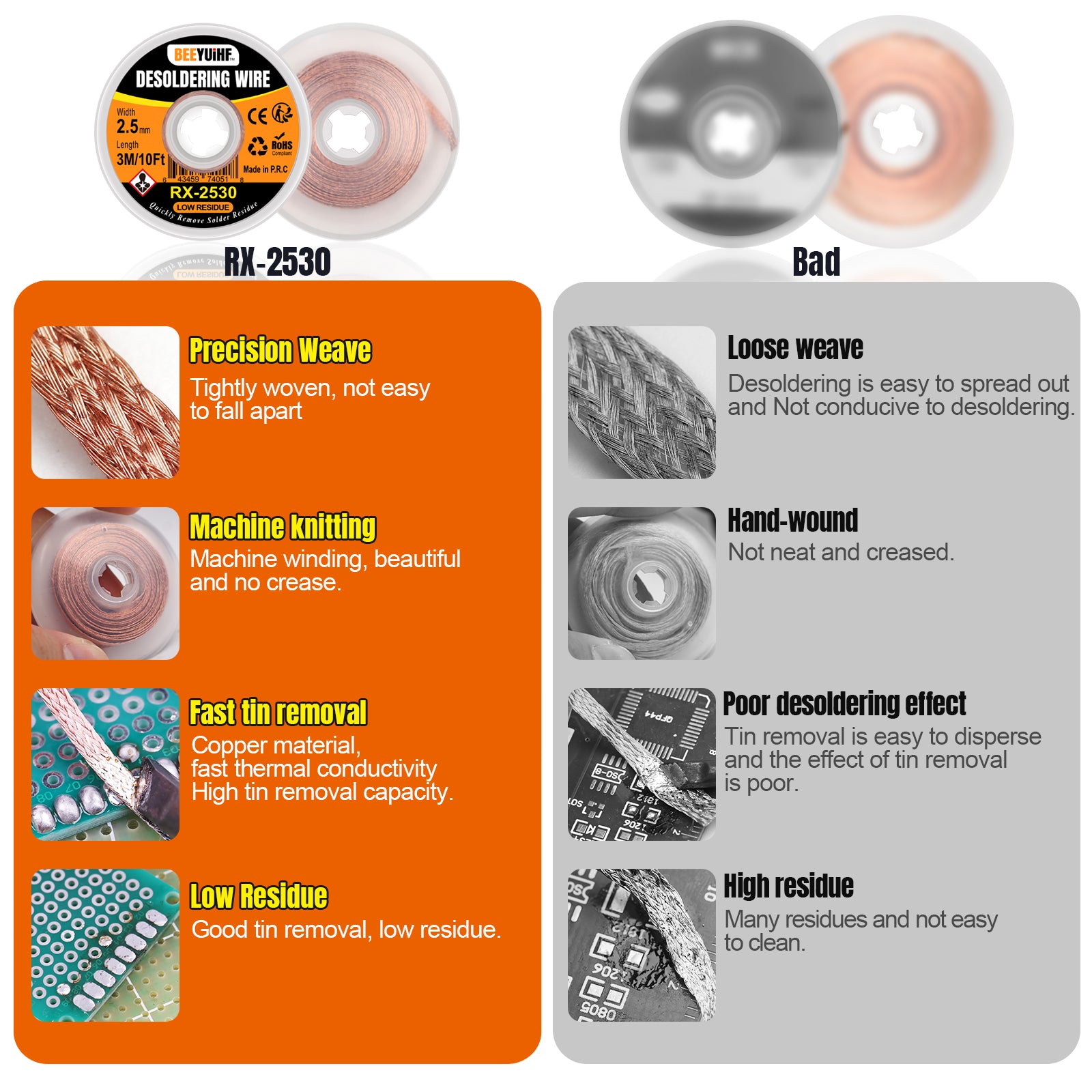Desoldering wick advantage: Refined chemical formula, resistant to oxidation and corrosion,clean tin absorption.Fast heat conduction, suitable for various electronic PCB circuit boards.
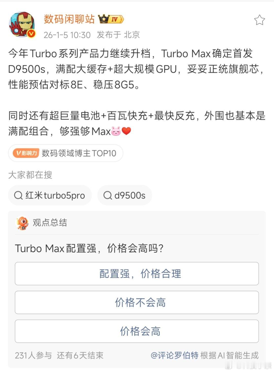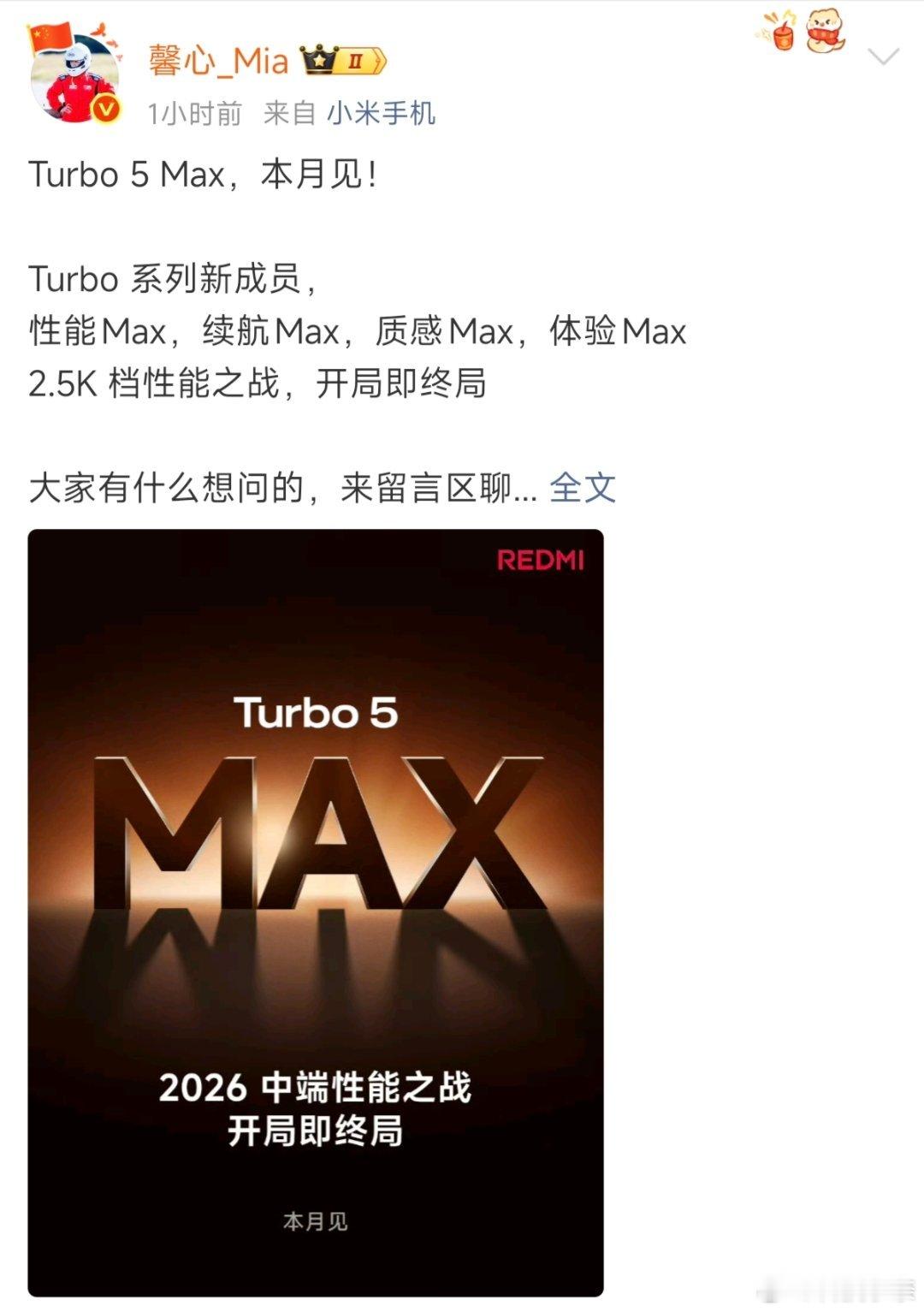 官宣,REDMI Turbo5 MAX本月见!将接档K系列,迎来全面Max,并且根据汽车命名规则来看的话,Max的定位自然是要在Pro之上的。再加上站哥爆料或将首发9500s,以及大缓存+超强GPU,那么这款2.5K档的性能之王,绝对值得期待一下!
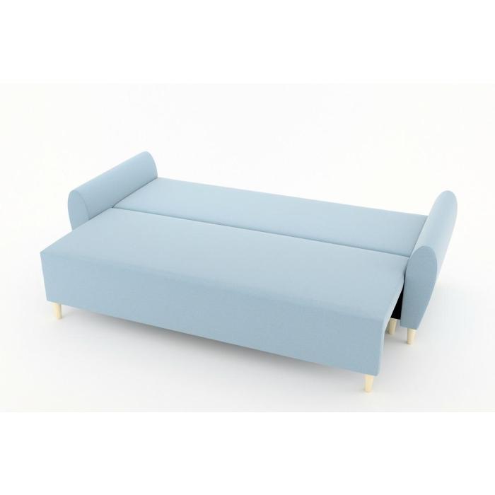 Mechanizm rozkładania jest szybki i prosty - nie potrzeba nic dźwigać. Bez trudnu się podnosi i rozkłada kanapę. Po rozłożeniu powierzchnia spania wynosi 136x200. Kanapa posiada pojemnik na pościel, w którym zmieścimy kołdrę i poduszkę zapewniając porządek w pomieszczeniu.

PROBLEM STATEMENT:
Leave out the pictures and output the rest of the material exactly as written.

SOLVED PROBLEM:
Desoldering wick advantage: Refined chemical formula, resistant to oxidation and corrosion,clean tin absorption.Fast heat conduction, suitable for various electronic PCB circuit boards.
 官宣,REDMI Turbo5 MAX本月见!将接档K系列,迎来全面Max,并且根据汽车命名规则来看的话,Max的定位自然是要在Pro之上的。再加上站哥爆料或将首发9500s,以及大缓存+超强GPU,那么这款2.5K档的性能之王,绝对值得期待一下!
 Mechanizm rozkładania jest szybki i prosty - nie potrzeba nic dźwigać. Bez trudnu się podnosi i rozkłada kanapę. Po rozłożeniu powierzchnia spania wynosi 136x200. Kanapa posiada pojemnik na pościel, w którym zmieścimy kołdrę i poduszkę zapewniając porządek w pomieszczeniu.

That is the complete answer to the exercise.